# [Supplied information]
+===+
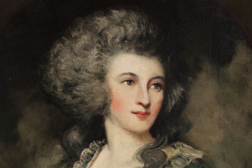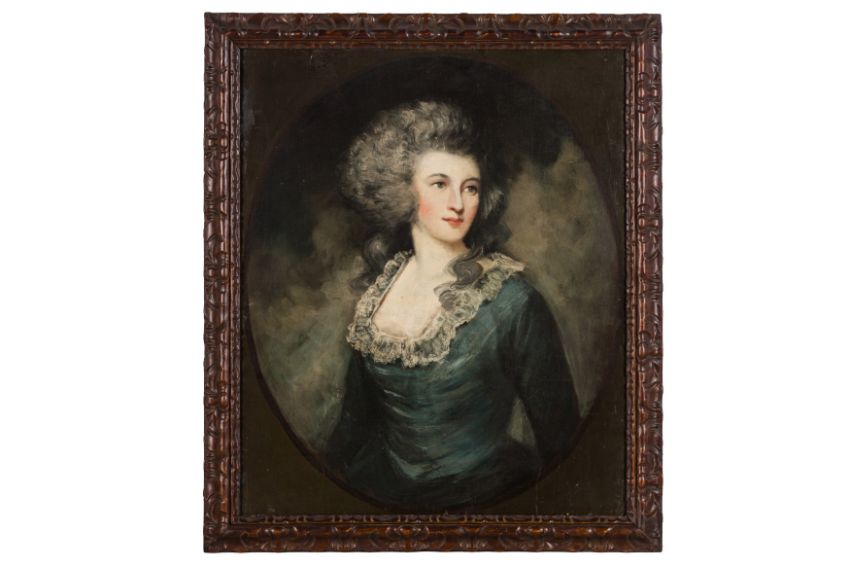 Portrait of a Lady, half-length, wearing a blue dress, with curled powdered hair, in a feigned oval
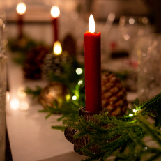 Fine batteridrevne vokslys der med et halvt udbrændt design og et varmt hvidt flimrende lys giver et realistisk indtryk. De 15 cm høje lys passer til både høje og lave lysestager og er gode til hverdagsbrug, til jul og andre højtider.
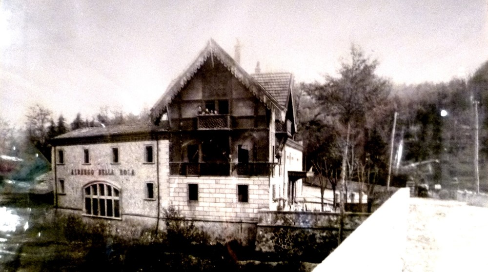 Alla testata destra del ponte sul fiume Reno fu costruito l’albergo della Rosa gestita da madame Schmid, moglie o sorella del conte omonimo, per i malati che venivano a Riola per essere sottoposti alle cure del Mattei. L’albergo era un’elegante costruzione in forma di chalet svizzero che si elevava di tre piani ed aveva all’esterno un piccolo piazzale recinto da un lato dal muro spalla del ponte di Riola, dall’altro dal muro d’ala del ponte stesso ed infine una barriera di ferro con cancelletto chiudeva l’ingresso. Dal
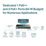 Switch TP-Link TL-SG1006PP je vybavený celkem šesti 10/100/1000Mbps RJ45 porty. Z toho má 1 PoE++ port a 3 PoE+ porty. Switch spolupracuje se standardem IEEE 802.3af/at/bt (kompatibilní s PD). Pomocí kabelu současně přenášíte data a napájíte zařízení. Port 1 (standard 802.3af/at/bt PoE++) poskytuje výkon až 60 W. Porty 2–4 (standard 802.3af/at PoE+) mají výkon až 30 W na každém PoE+ portu. Celkový výkon na napájení PoE dosahuje hodnoty 64 W. K přepínači připojíte IP kamery, přístupové body, IP telefony, počítače, tiskárny a další podobná kompatibilní zařízení.
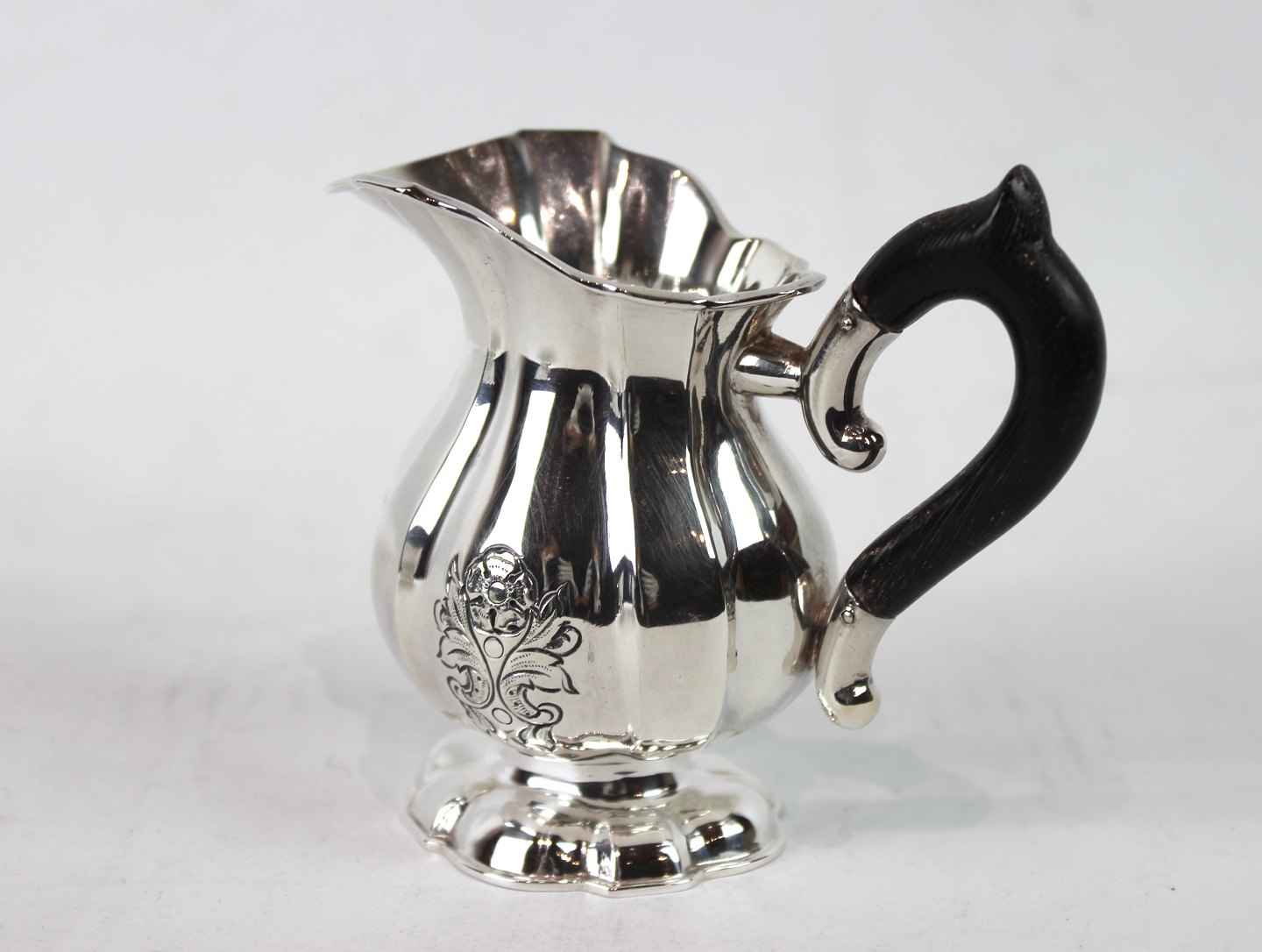 Set of coffee service decorated with engravings of hallmarked silver and ebony.
+===+
# [Assignment]
Output all entries unchanged; skip the pictures.

# [Solution to this exercise]
 Portrait of a Lady, half-length, wearing a blue dress, with curled powdered hair, in a feigned oval
 Fine batteridrevne vokslys der med et halvt udbrændt design og et varmt hvidt flimrende lys giver et realistisk indtryk. De 15 cm høje lys passer til både høje og lave lysestager og er gode til hverdagsbrug, til jul og andre højtider.
 Alla testata destra del ponte sul fiume Reno fu costruito l’albergo della Rosa gestita da madame Schmid, moglie o sorella del conte omonimo, per i malati che venivano a Riola per essere sottoposti alle cure del Mattei. L’albergo era un’elegante costruzione in forma di chalet svizzero che si elevava di tre piani ed aveva all’esterno un piccolo piazzale recinto da un lato dal muro spalla del ponte di Riola, dall’altro dal muro d’ala del ponte stesso ed infine una barriera di ferro con cancelletto chiudeva l’ingresso. Dal
 Switch TP-Link TL-SG1006PP je vybavený celkem šesti 10/100/1000Mbps RJ45 porty. Z toho má 1 PoE++ port a 3 PoE+ porty. Switch spolupracuje se standardem IEEE 802.3af/at/bt (kompatibilní s PD). Pomocí kabelu současně přenášíte data a napájíte zařízení. Port 1 (standard 802.3af/at/bt PoE++) poskytuje výkon až 60 W. Porty 2–4 (standard 802.3af/at PoE+) mají výkon až 30 W na každém PoE+ portu. Celkový výkon na napájení PoE dosahuje hodnoty 64 W. K přepínači připojíte IP kamery, přístupové body, IP telefony, počítače, tiskárny a další podobná kompatibilní zařízení.
 Set of coffee service decorated with engravings of hallmarked silver and ebony.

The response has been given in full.